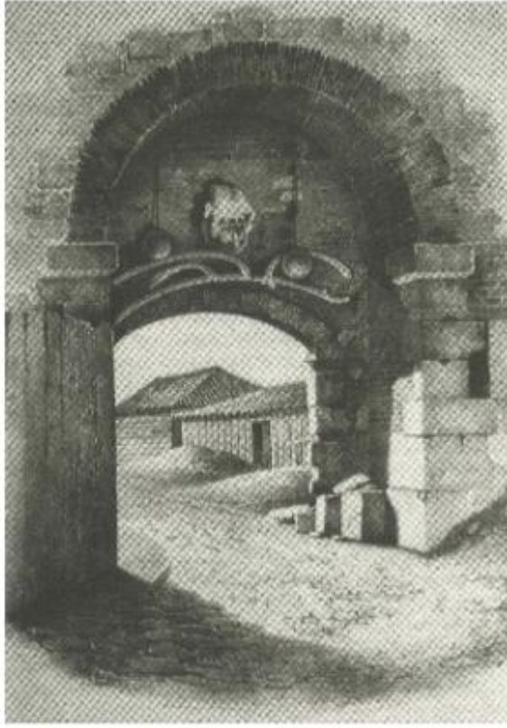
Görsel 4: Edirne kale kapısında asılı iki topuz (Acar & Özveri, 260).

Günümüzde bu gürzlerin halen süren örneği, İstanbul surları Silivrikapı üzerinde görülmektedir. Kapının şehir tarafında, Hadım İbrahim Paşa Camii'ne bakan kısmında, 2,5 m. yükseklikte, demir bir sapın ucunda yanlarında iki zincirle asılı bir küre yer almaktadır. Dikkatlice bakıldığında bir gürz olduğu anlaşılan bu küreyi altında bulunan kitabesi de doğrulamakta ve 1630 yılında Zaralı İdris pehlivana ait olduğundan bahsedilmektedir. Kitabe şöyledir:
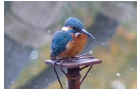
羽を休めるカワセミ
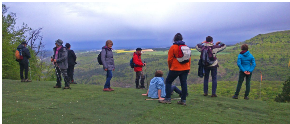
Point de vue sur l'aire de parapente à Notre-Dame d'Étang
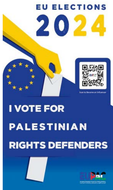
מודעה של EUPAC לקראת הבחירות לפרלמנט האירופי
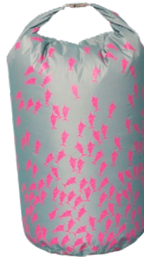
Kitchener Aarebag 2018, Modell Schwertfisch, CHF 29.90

==============================

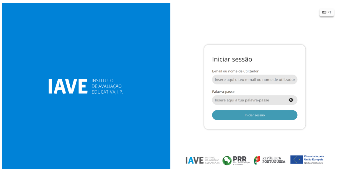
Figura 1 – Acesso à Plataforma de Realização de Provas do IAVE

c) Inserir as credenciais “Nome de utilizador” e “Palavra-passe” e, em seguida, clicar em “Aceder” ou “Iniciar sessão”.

==============================

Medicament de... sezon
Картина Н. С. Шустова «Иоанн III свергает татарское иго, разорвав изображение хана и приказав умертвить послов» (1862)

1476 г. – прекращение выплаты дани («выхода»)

==============================

TASK ITEM
Copy word for word the span of the records above that begins at the line with "Görsel 4: Edirne" and ends at the line with "Kitchener Aarebag 2018, Modell", including those two lines but not the pictures.

SOLUTION FOR THIS EXERCISE
Görsel 4: Edirne kale kapısında asılı iki topuz (Acar & Özveri, 260).

Günümüzde bu gürzlerin halen süren örneği, İstanbul surları Silivrikapı üzerinde görülmektedir. Kapının şehir tarafında, Hadım İbrahim Paşa Camii'ne bakan kısmında, 2,5 m. yükseklikte, demir bir sapın ucunda yanlarında iki zincirle asılı bir küre yer almaktadır. Dikkatlice bakıldığında bir gürz olduğu anlaşılan bu küreyi altında bulunan kitabesi de doğrulamakta ve 1630 yılında Zaralı İdris pehlivana ait olduğundan bahsedilmektedir. Kitabe şöyledir:
羽を休めるカワセミ
Point de vue sur l'aire de parapente à Notre-Dame d'Étang
מודעה של EUPAC לקראת הבחירות לפרלמנט האירופי
Kitchener Aarebag 2018, Modell Schwertfisch, CHF 29.90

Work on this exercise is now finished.